Affirm that gitdb and smmap advisories can also be created

EliahKagan · EliahKagan · commit 0459b9a6645b · 2025-01-05T03:36:23.000-05:00
This expands `SECURITY.md` to affirm the claims in the new `SECURITY.md` files in gitdb and smmap that vulnerabilities found in them can be reported in the GitPython repository with the same link as one would use to report a GitPython vulnerability, as well as to note how the distinction between affected package can be specified when it is known at the time a vulnerability is reported. Along with gitpython-developers/smmap#59 and gitpython-developers/gitdb#117, this fixes gitpython-developers/gitdb#116.

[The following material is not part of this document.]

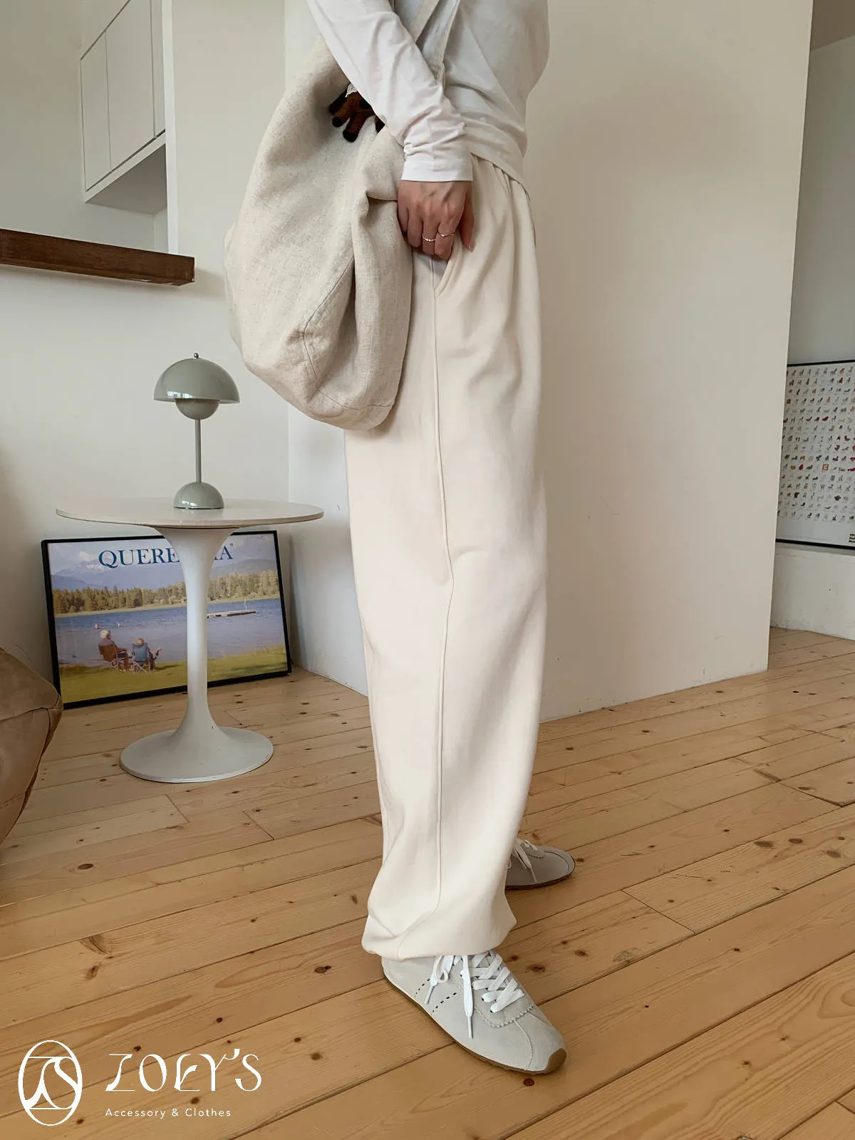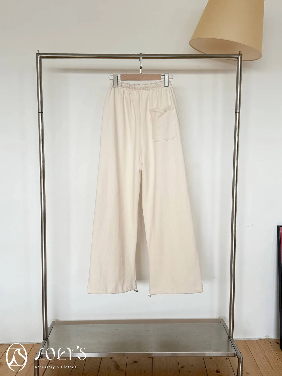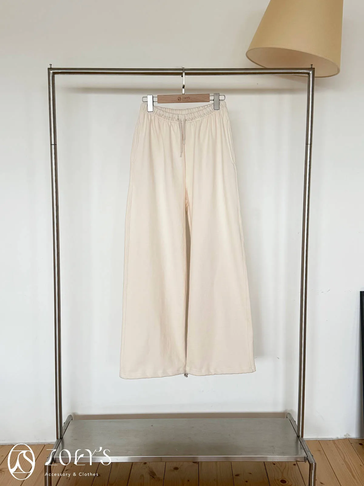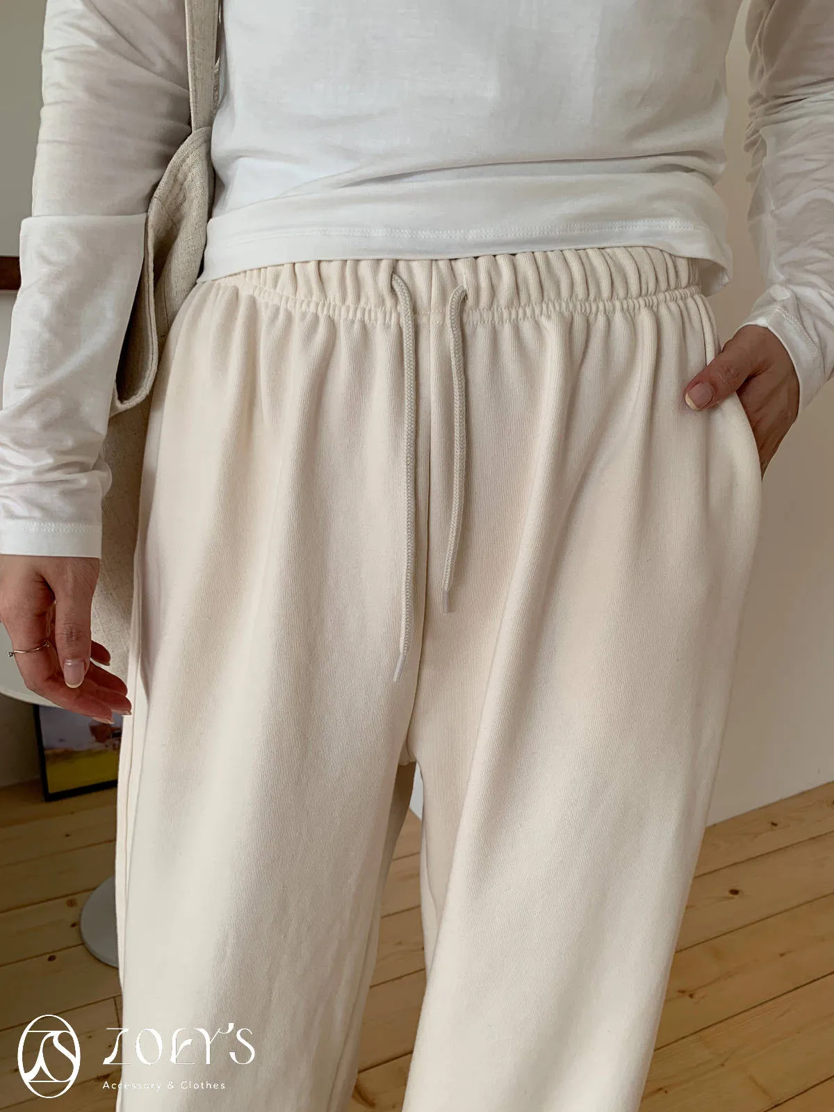 正韓 舒適抽繩棉長褲 水藍/米白

diff --git a/SECURITY.md b/SECURITY.md
@@ -11,4 +11,6 @@ Only the latest version of GitPython can receive security updates. If a vulnerab
 
 ## Reporting a Vulnerability
 
-Please report private portions of a vulnerability to <https://github.com/gitpython-developers/GitPython/security/advisories/new>. Doing so helps to receive updates and collaborate on the matter, without disclosing it publicliy right away.
+Please report private portions of a vulnerability to <https://github.com/gitpython-developers/GitPython/security/advisories/new>. Doing so helps to receive updates and collaborate on the matter, without disclosing it publicly right away.
+
+Vulnerabilities in GitPython's dependencies [gitdb](https://github.com/gitpython-developers/gitdb/blob/main/SECURITY.md) or [smmap](https://github.com/gitpython-developers/smmap/blob/main/SECURITY.md), which primarily exist to support GitPython, can be reported here as well, at that same link. The affected package (`GitPython`, `gitdb`, or `smmap`) can be included in the report, if known.